L’organisation

PANCRACE : Pendant cette saison des tueries, on se levait plus tôt que d’ordinaire, pour manger copieusement la viande ; et on montait sur le terrain de football vers 9 heures ou 10 heures. Les chefs rouspétaient contre les retardataires et on s’en allait en attaques. La règle numéro un, c’était de tuer. La règle numéro deux, il n’y en avait pas. C’était une organisation sans complications.



PIO : On s’éveillait à 6 heures. On mangeait des brochettes et des denrées nourrissantes, à cause des longues courses qu’ils allaient nous demander. On se retrouvait au centre de négoce et on se dirigeait, à travers les bavardages, vers le terrain de football. Là-bas, on nous promulguait les consignes de tueries et les itinéraires de terrain pour la journée ; et on allait en fouillant les brousses, jusqu’à descendre vers les marigots. On formait une chaîne pour entrer dans les papyrus et la boue. Puis on se séparait en petites compagnies de connaissance ou d’amitié.

C’était une entente sans difficulté. Sauf les journées de tralala, quand des interahamwe de renforts arrivaient de secteurs environnants en véhicules motorisés, pour réussir des opérations d’ampleur. Car ces gars attisés nous tourmentaient dans notre boulot.

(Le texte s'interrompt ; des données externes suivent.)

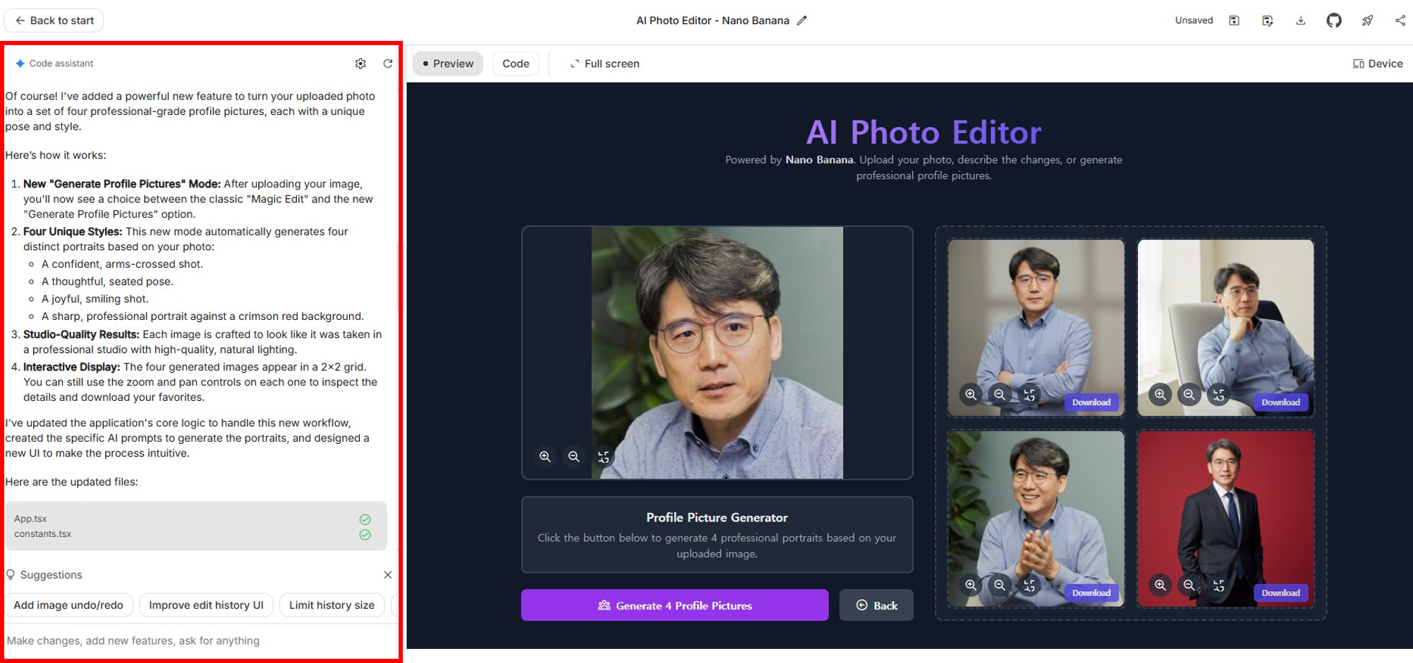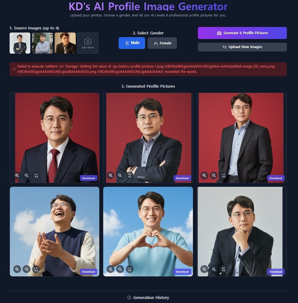 타이틀도 'KD' 이니셜 넣어서 바꿔봤고요. 소스 사진도 최대 4장까지 올릴 수 있게 바꾸고, 남성/여성 성별 선택 버튼과, 줌인/줌아웃 기능, 사진 생성 이력 확인 기능 등을 추가했습니다. Github나 나노바나나 스토어에 앱 등록을 가능한 기능도 있더군요.

FULGENCE : Le 11 avril, le conseiller communal de Kibungo a envoyé ses messagers pour convoquer tous les Hutus en haut. Il était arrivé des quantités d’interahamwe en camion et en autobus, qui se bousculaient à coups de klaxon sur les chemins. C’était pareil à un tohu-bohu de ville.

Le conseiller nous a dit à la ronde que dorénavant on ne devait plus rien faire d’autre que tuer des Tutsis. Nous, on a bien compris que c’était un programme définitif. L’ambiance avait viré.

Ce jour-là, des gens mal informés étaient montés à cette réunion sans apporter la machette ou un outil coupant. Les interahamwe les ont sermonnés ; ils leur ont dit que c’était bon pour cette fois, mais que ça ne devait plus se renouveler. Ils leur ont demandé de s’armer de branches et de cailloux, de former des barrières à l’arrière pour empêcher les fuyards de passer. Par après, on s’est trouvé meneur ou suiveur, mais personne n’a plus oublié sa machette.



PANCRACE : Le premier jour, un messager du conseiller communal est passé dans les maisons pour nous convoquer à un meeting sans retard. Là, le conseiller nous a annoncé que le motif du meeting était la tuerie de tous les Tutsis sans exception. C’était simplement dit, c’était simple à comprendre.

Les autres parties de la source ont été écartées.